In an obviously misguided attempt at mocking the playoff structure of the NCAA tournament, we’re inviting readers to enjoy matchups of actual fetishes in a voter-powered tournament, culminating in April with the Nasty Fetish Final Four. That tournament continues today with Regional Semifinal action. Remember, you’re voting for what you consider the more nasty fetish.
6. Macrophilia
Literal Meaning: “A sexual fantasy involving domination by giants, primarily giant women. Variants include metamorphic fantasies; the shrinking of men/women so that average-sized people appear relatively huge, or more commonly, ordinary humans growing to giant size.”
Salon says: “You never forget your first glimpse of the Statue of Liberty. A towering monument to freedom, democracy and the big-girl aesthetic, she looms over New York Harbor, 225 tons of womanhood, 151 feet from toes to torch tip, her head high and huge, her massive bosom outthrust to welcome the tired, the poor, the huddled masses. For immigrants arriving on America’s shore, the statue is the earth mother of international acceptance. For macrophiles, she’s something else — the ultimate sex goddess.”
Notable Advocates: Jude Law, Del tha Funkee Homosapien, Steve Jobs
7. Menophilia
Literal Meaning: “Described as being sexually excited by a female during menstruation. This can be further described as people who are turned on by the smell, image, taste or feel of the blood expelled during menstruation.”
The Intarwebs say: You’re quite the catch among insecure types in Scotland. But you’ll have to open your wallet.
Notable Advocates: Timbaland, Tucker Max, Josh Elliott


Wow, I can’t belive it’s almost Christmas! Thanks for the post very Cool and keep them coming!
A good study in Greek prefixes…
The fuck seeded this thing? A 9 vs. 13 in the top half and a 6 vs. 7 in the bottom? I know it’s fun to see upsets, but you just can’t force them like this…
I mean, seriously, having sex with a giant woman is a 6 and fucking STOMA FUCKING is a 13?!?! That’s foolishness…
@Del tha Funky Macrophiliast
That was the funniest things I have read in a while.
Had to go with menophilia in this round. I think spending time with a fifty foot woman would be like a day at an amusement park.
Our coach once told us in a pre-game speech that “eating bloody pussy was the best thing since sliced bread” and “don’t knock it till you try it.”
I could never look his wife in the eyes after that one. (But, hey, at least we won. Maybe he was on to something….)
I want to know what that menophilia artwork is for.
Consider me officially intrigued.
I really want more jokes relating to how menophilia is beating macrophilia to a bloody pulp.
^or that vomit one
Neither has a chance agaisnt the powerhouse that is fecophilia.
DEATH BY SNOO SNOO
That cartoon chick is mad hot.
+ 1 John Whorfin
ape, ftw.
Ronaldino = cockwallet
It’s gonna be sad to stop making Futurama references for Macrophilia.
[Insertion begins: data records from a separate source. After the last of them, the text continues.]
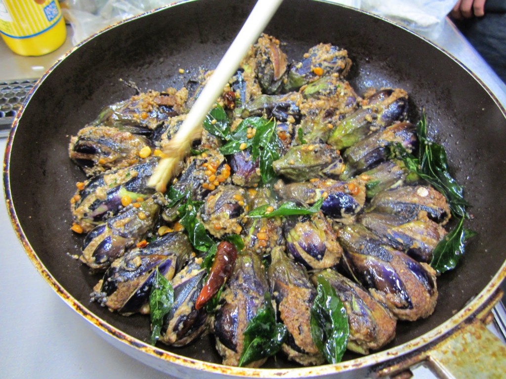 ⑥Ennai kathirikkai poriyal 茄子のマサラ詰めポリヤル。小茄子を見つけることが出来ましたので、一人3個は提供できました。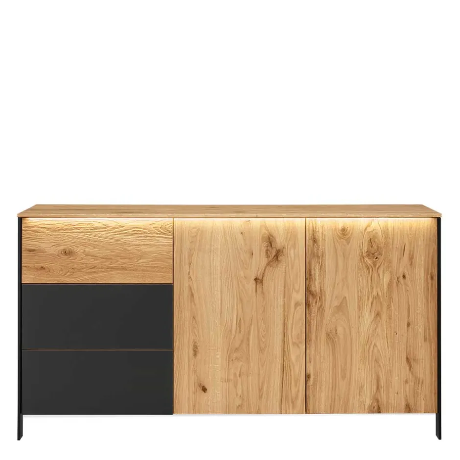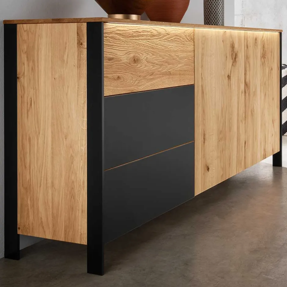 - Exklusives Sideboard in Wildeichefarben und Schwarz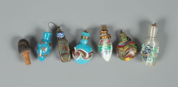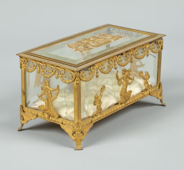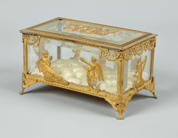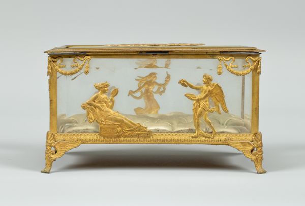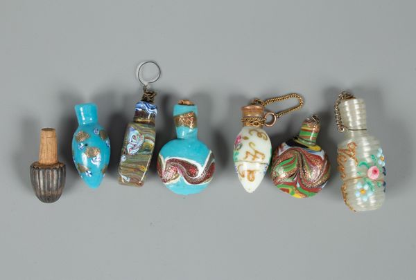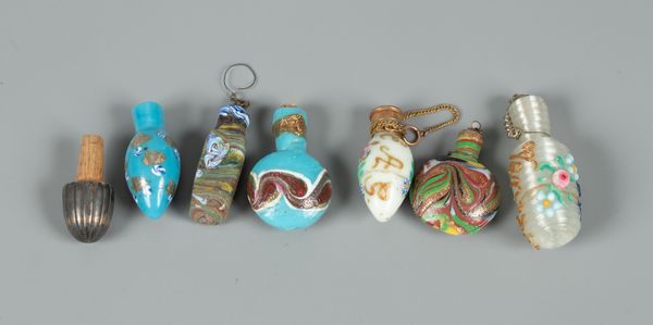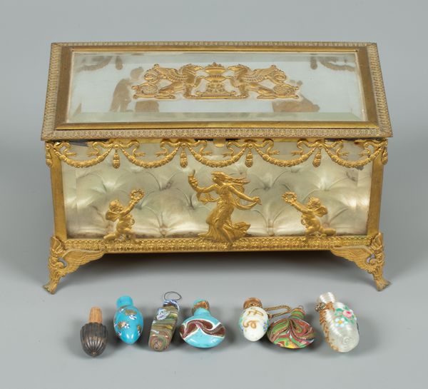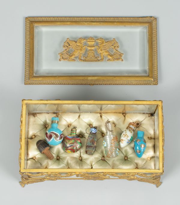 A gilt-metal mounted glass casket, containing a number of miniature scent bottles including three Venetian miniature bottles with aventurine, the largest scent bottle 4.5cm, the casket 18cm wide

fetish tournament = unfunny
peter king spoof = brilliant
menophilia
it’s like chewing on a box of ten-penny nails
and eating a live bird at the same time
Clearly very few of us are big fans of menstruation.
Moses sez: Menophilia for the win.
“attack of the 50 foot woman” doesn’t stand a chance against the red sea.
What did Macro defeat in the first round? Seems overmatched here.
A Del the Funkee homosapien reference? Nice!
I’m calling for a Meno/Stoma final. Most blood wins it all.
@rant
It seems the floodgates have opened.
Shit, you know some fuckass was probably jerking it to that movie with 40 kids in the room. That right there makes it creepy enough for a ‘yes’ vote.